§ SUPPLIED DATA:
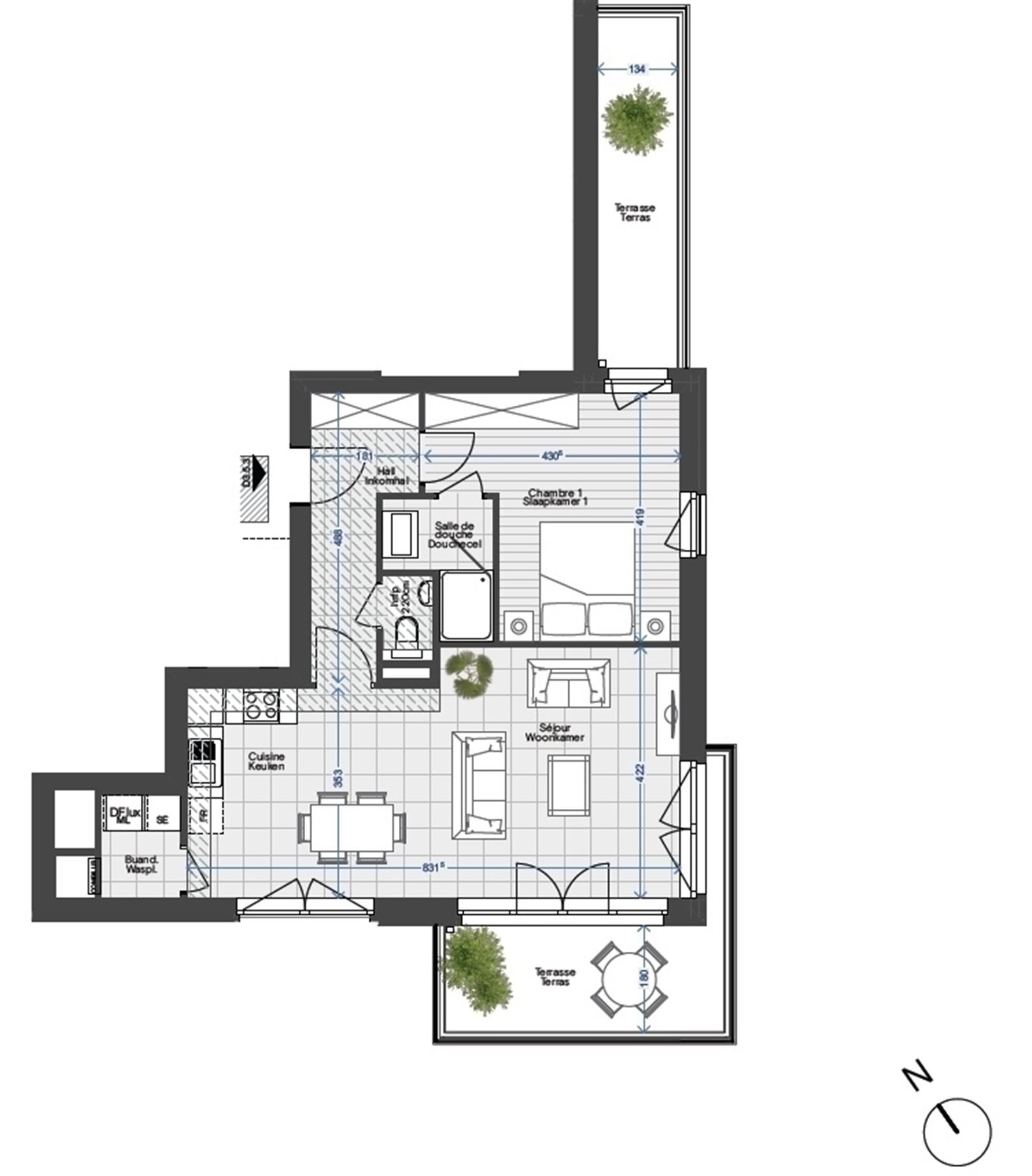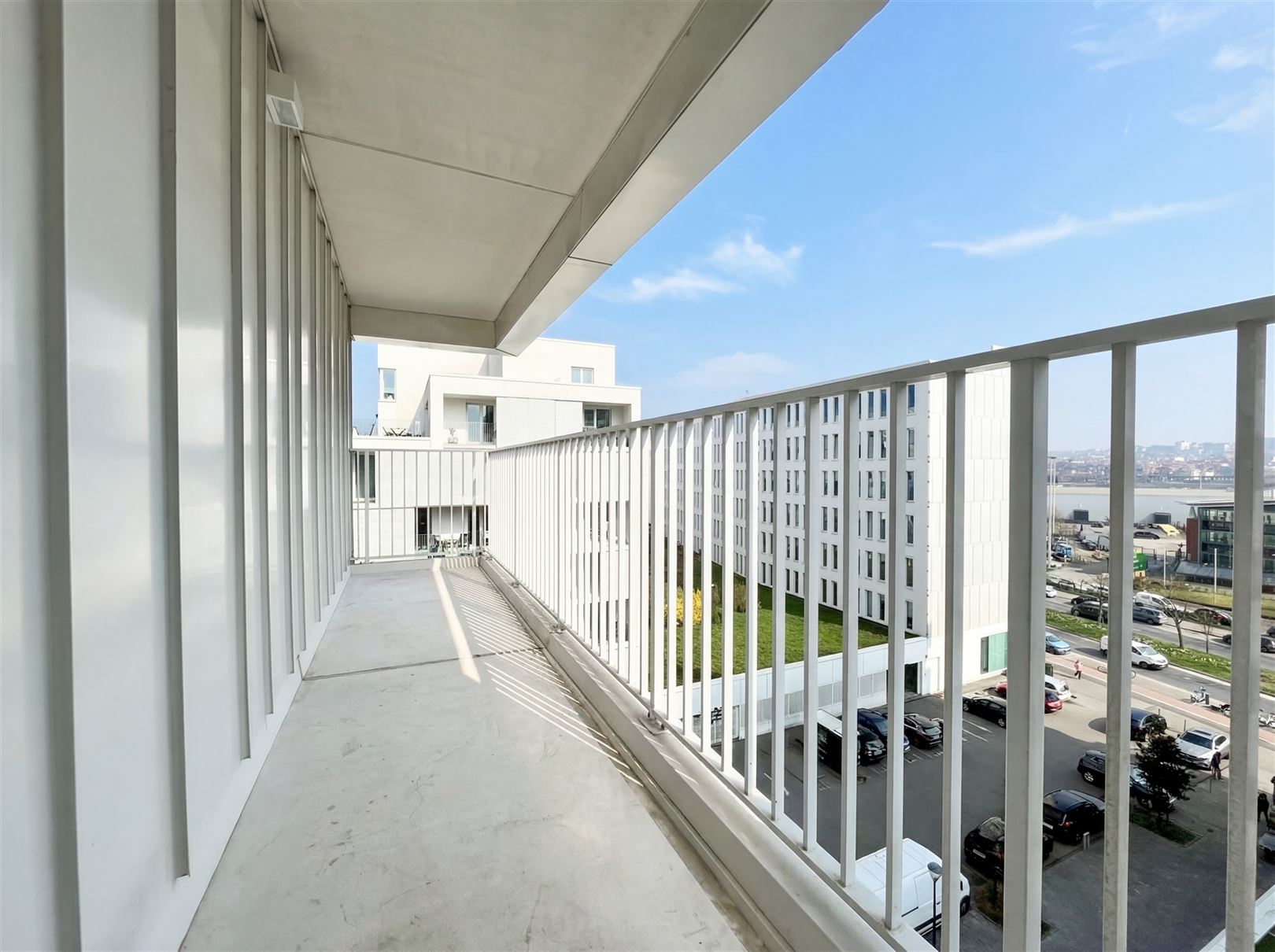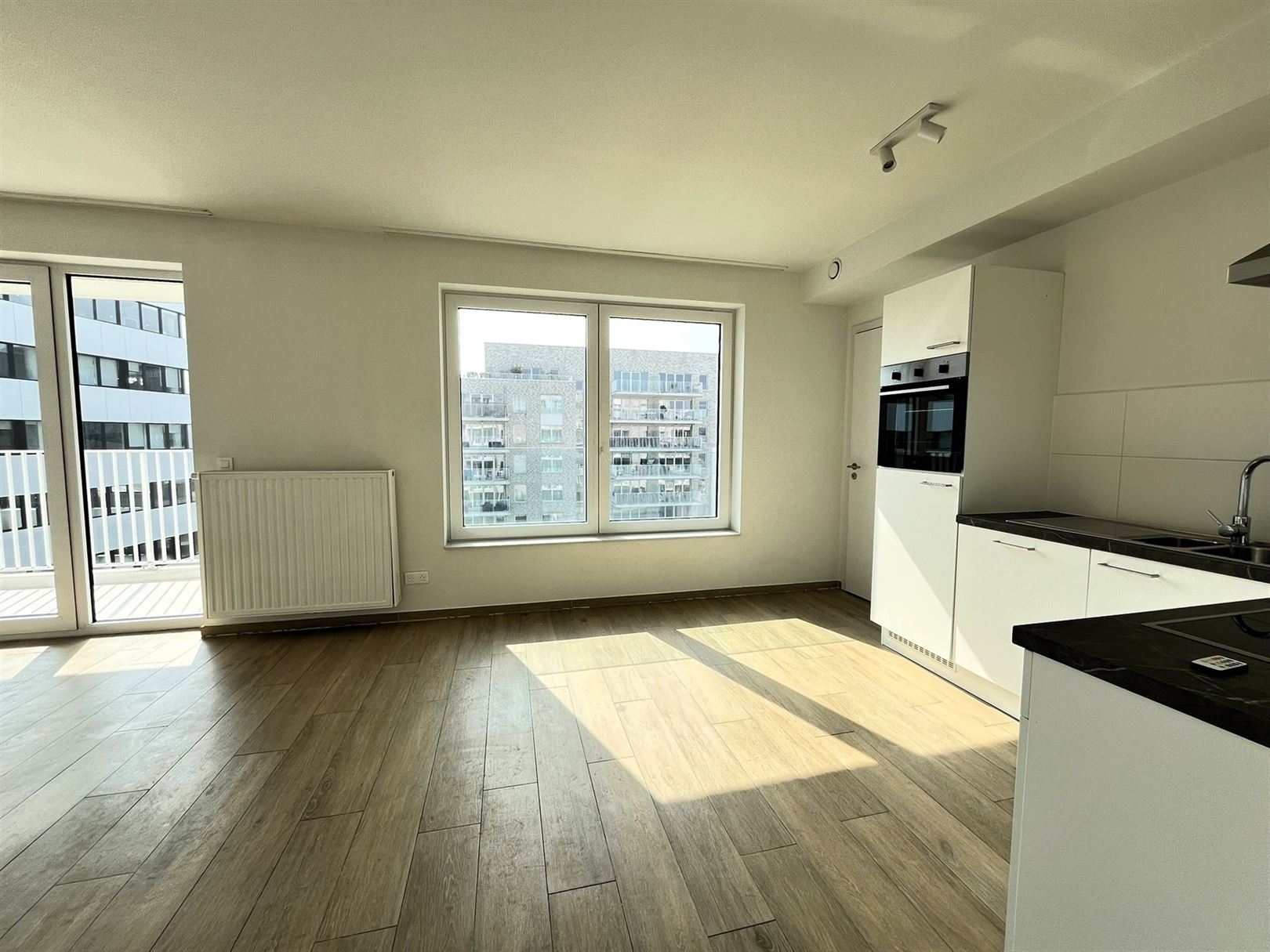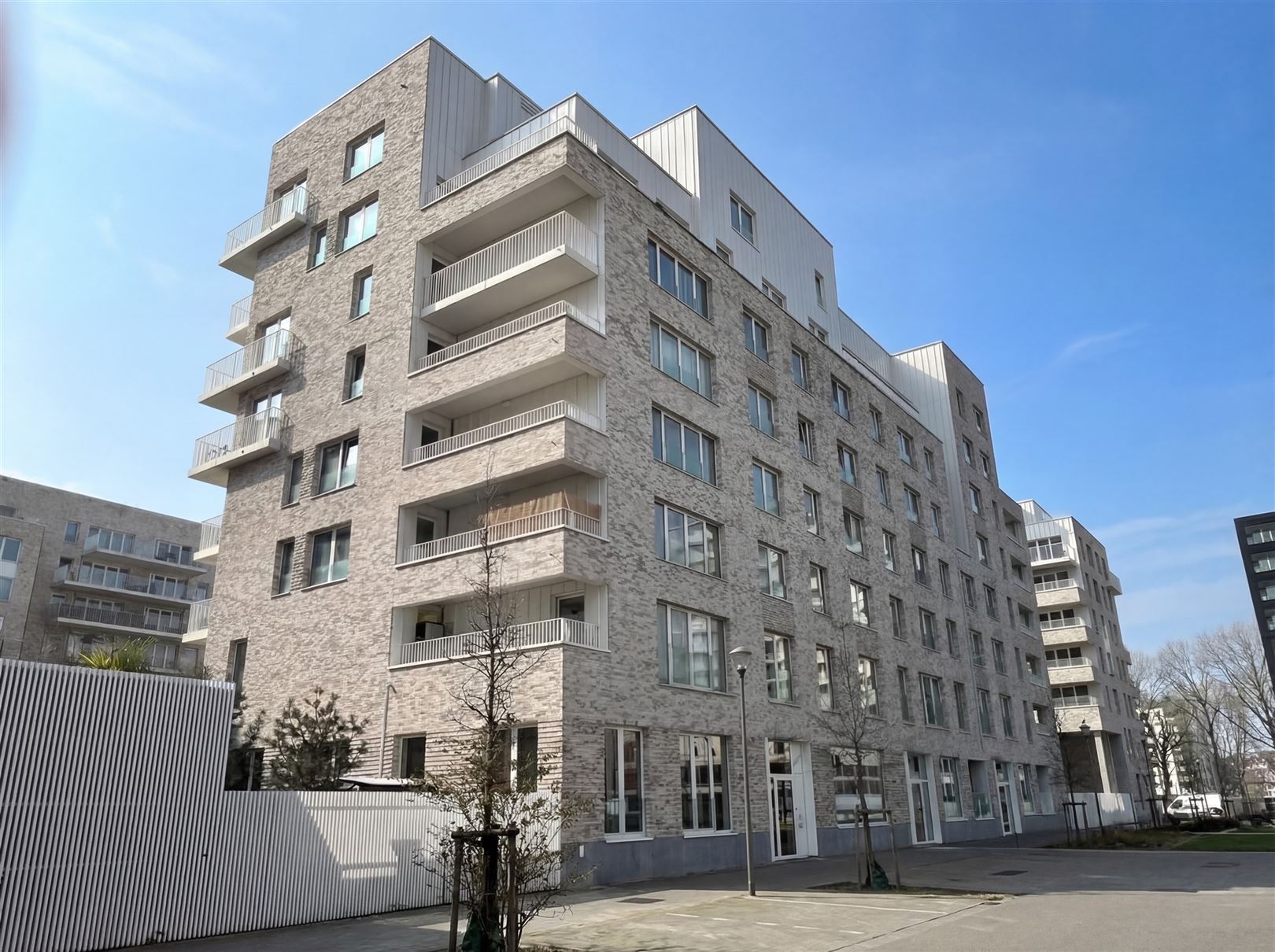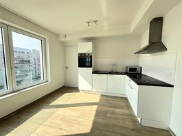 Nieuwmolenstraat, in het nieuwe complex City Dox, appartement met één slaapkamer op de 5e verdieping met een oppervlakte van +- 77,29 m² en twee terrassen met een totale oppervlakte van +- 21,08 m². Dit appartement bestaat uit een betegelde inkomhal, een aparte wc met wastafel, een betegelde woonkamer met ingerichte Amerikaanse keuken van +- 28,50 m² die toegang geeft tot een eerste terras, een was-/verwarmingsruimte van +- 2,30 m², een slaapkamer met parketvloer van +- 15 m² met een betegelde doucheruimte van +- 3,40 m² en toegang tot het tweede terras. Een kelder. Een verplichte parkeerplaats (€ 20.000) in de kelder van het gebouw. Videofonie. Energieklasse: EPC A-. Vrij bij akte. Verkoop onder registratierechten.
* * *
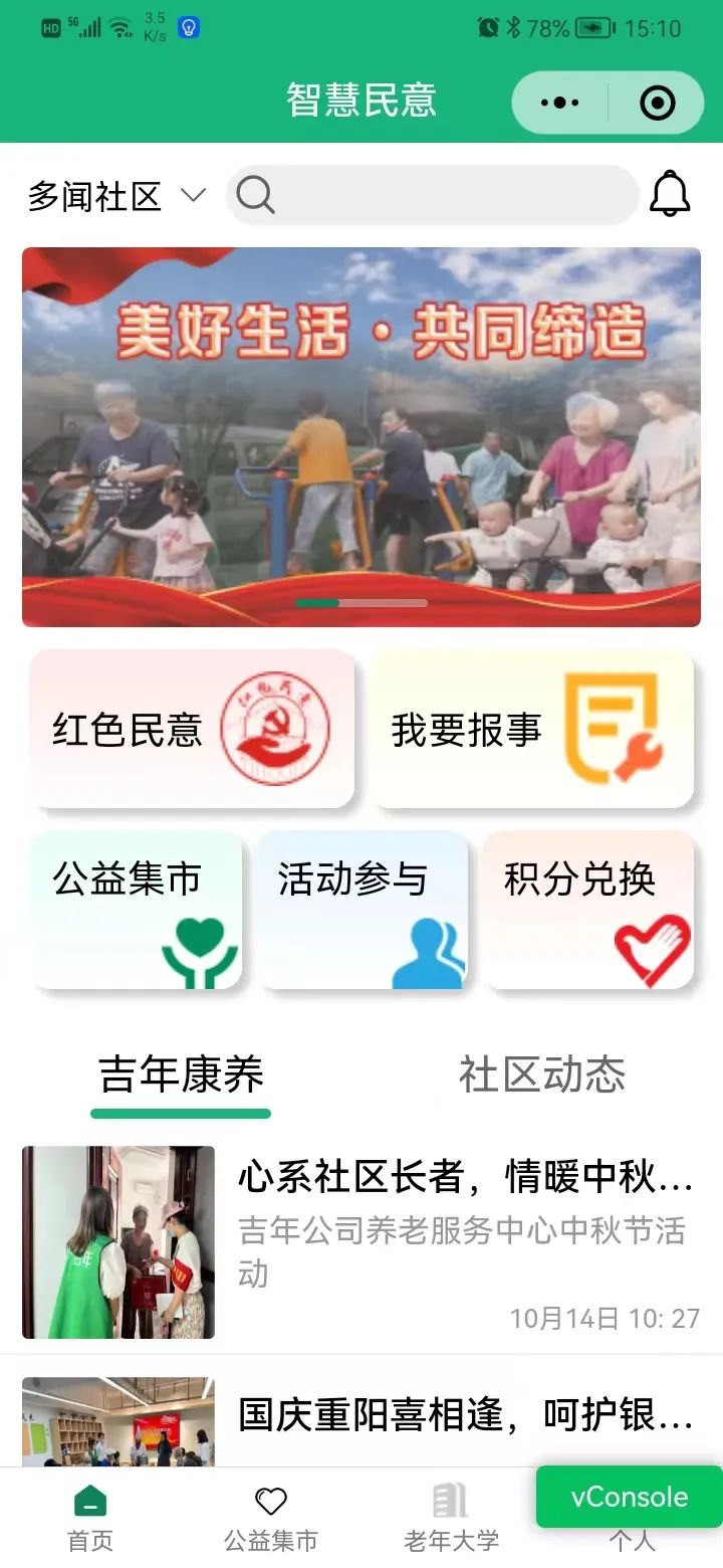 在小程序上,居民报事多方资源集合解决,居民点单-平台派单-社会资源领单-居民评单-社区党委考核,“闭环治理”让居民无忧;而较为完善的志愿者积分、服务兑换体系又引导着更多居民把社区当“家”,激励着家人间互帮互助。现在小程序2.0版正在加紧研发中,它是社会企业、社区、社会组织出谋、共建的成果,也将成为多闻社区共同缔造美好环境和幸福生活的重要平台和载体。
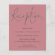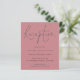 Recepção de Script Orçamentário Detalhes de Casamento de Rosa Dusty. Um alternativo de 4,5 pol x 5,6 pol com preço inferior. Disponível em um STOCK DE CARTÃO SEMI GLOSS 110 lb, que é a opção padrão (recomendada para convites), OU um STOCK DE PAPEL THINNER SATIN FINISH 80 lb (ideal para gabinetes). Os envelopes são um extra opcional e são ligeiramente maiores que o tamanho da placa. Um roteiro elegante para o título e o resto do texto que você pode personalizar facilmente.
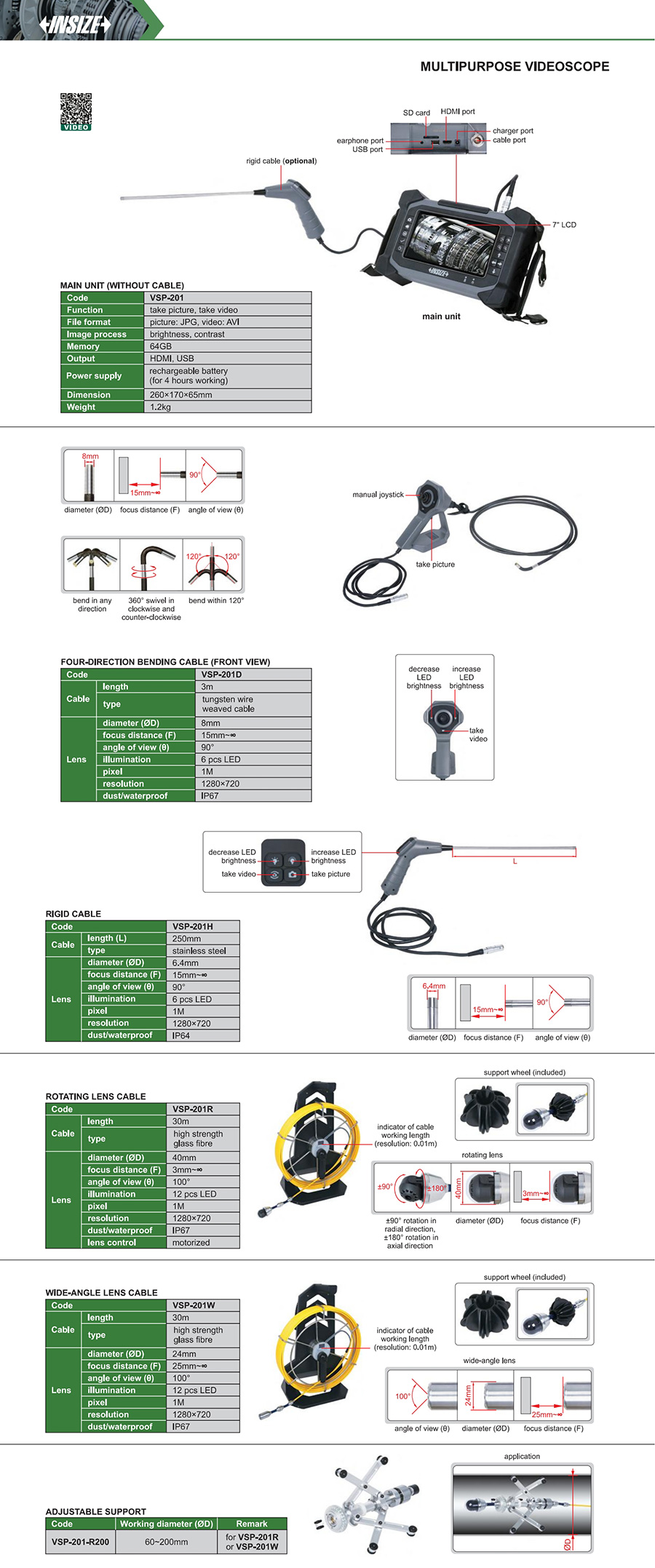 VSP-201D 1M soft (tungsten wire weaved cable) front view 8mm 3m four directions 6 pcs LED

§ BRIEF: Your answer must be the exact lines from the records above, from the one containing "在小程序上,居民报事多方资源" through the one containing "VSP-201D 1M soft", both included, with every picture left out.

§ YOUR RESPONSE:
 在小程序上,居民报事多方资源集合解决,居民点单-平台派单-社会资源领单-居民评单-社区党委考核,“闭环治理”让居民无忧;而较为完善的志愿者积分、服务兑换体系又引导着更多居民把社区当“家”,激励着家人间互帮互助。现在小程序2.0版正在加紧研发中,它是社会企业、社区、社会组织出谋、共建的成果,也将成为多闻社区共同缔造美好环境和幸福生活的重要平台和载体。
 Recepção de Script Orçamentário Detalhes de Casamento de Rosa Dusty. Um alternativo de 4,5 pol x 5,6 pol com preço inferior. Disponível em um STOCK DE CARTÃO SEMI GLOSS 110 lb, que é a opção padrão (recomendada para convites), OU um STOCK DE PAPEL THINNER SATIN FINISH 80 lb (ideal para gabinetes). Os envelopes são um extra opcional e são ligeiramente maiores que o tamanho da placa. Um roteiro elegante para o título e o resto do texto que você pode personalizar facilmente.
 VSP-201D 1M soft (tungsten wire weaved cable) front view 8mm 3m four directions 6 pcs LED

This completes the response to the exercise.